### THE DATA
------------------------------------------------------------------------
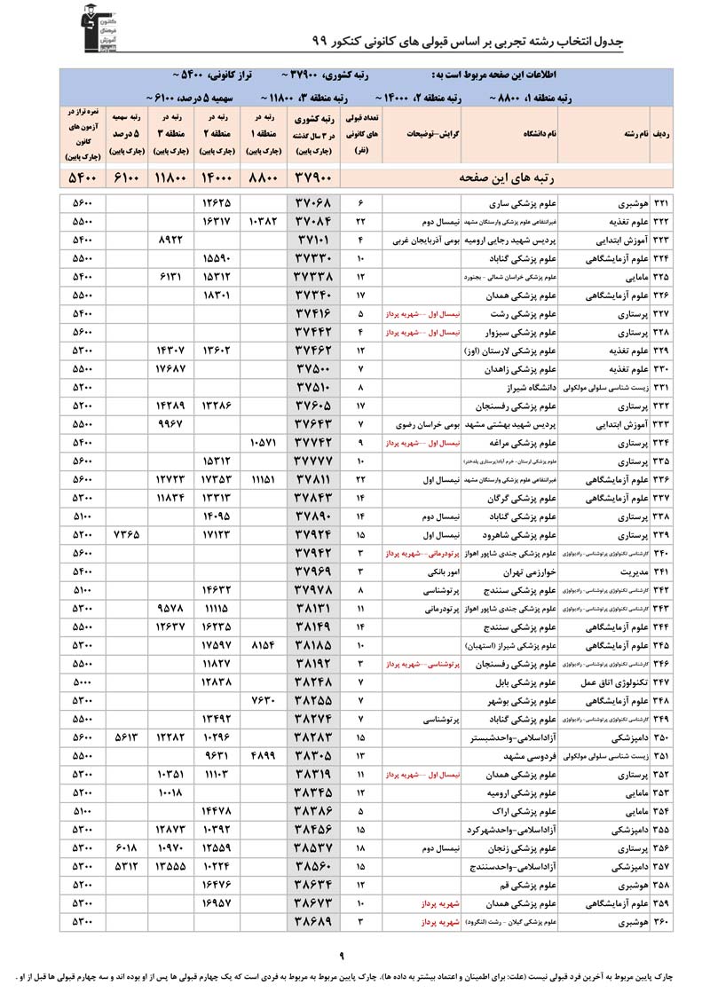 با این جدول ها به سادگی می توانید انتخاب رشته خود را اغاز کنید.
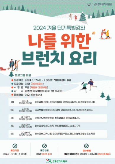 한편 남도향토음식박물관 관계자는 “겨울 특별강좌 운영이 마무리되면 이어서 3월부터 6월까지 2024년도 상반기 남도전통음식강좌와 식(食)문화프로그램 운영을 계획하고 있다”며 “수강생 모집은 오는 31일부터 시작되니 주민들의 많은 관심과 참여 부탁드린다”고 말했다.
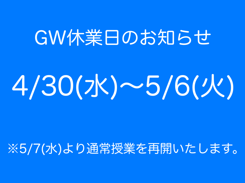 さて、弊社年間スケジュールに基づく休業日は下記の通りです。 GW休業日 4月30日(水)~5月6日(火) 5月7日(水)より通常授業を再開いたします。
------------------------------------------------------------------------
### EXERCISE BRIEF
From start to finish, output the listing exactly, but omit its pictures.

### RESULT
 با این جدول ها به سادگی می توانید انتخاب رشته خود را اغاز کنید.
 한편 남도향토음식박물관 관계자는 “겨울 특별강좌 운영이 마무리되면 이어서 3월부터 6월까지 2024년도 상반기 남도전통음식강좌와 식(食)문화프로그램 운영을 계획하고 있다”며 “수강생 모집은 오는 31일부터 시작되니 주민들의 많은 관심과 참여 부탁드린다”고 말했다.
 さて、弊社年間スケジュールに基づく休業日は下記の通りです。 GW休業日 4月30日(水)~5月6日(火) 5月7日(水)より通常授業を再開いたします。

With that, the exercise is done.